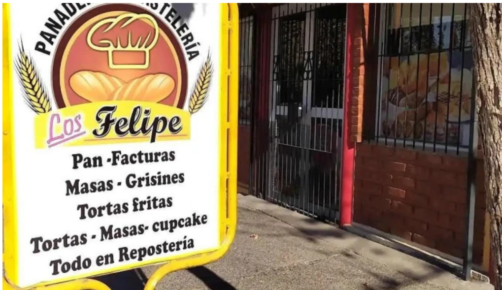
Panaderia los felipes carta
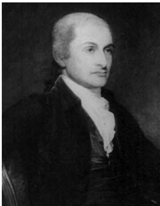
Государственный секретарь Джон Джей

ческие решения принимались Конгрессом двумя третями голосов. При частом отсутствии кворума и фракционности данного органа это приводило к затягиванию, а то и блокировке многих решений.
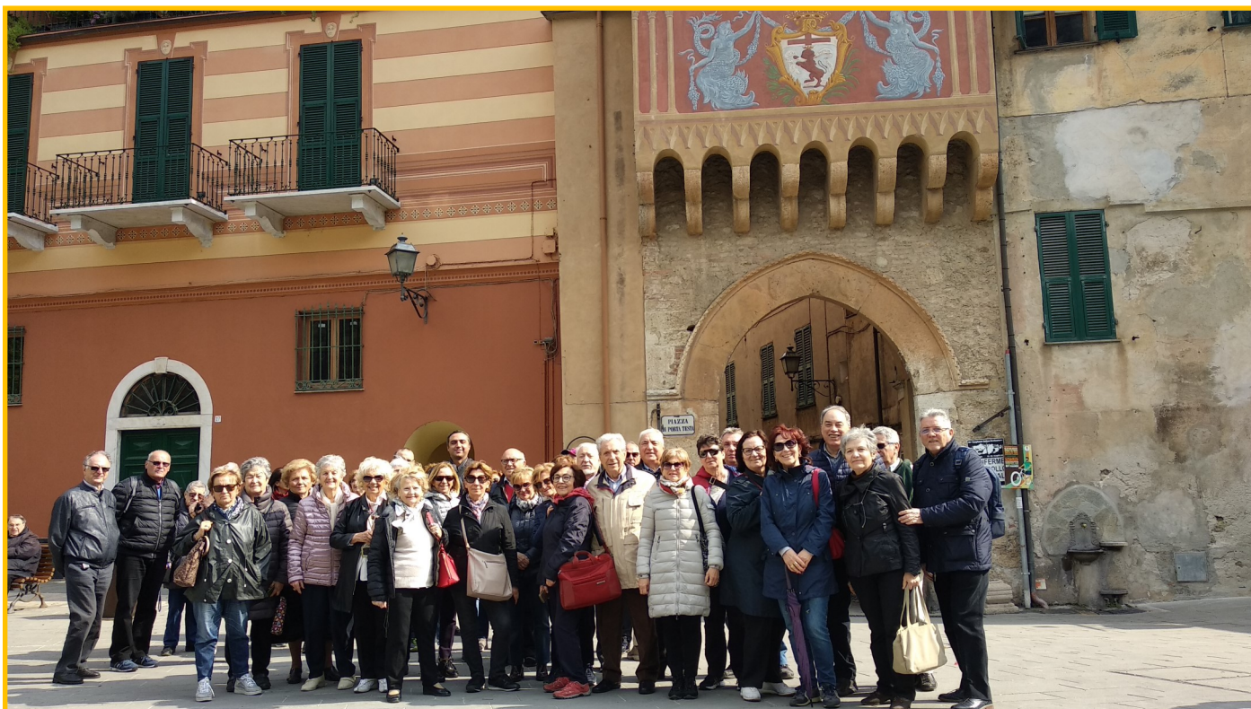
La gita dei Seregnesi in una delle porte di ingresso di Finalborgo

__YOUR TASK__
With images omitted, output the data exactly as given.

__ANSWER SPACE__
Panaderia los felipes carta
Государственный секретарь Джон Джей

ческие решения принимались Конгрессом двумя третями голосов. При частом отсутствии кворума и фракционности данного органа это приводило к затягиванию, а то и блокировке многих решений.
La gita dei Seregnesi in una delle porte di ingresso di Finalborgo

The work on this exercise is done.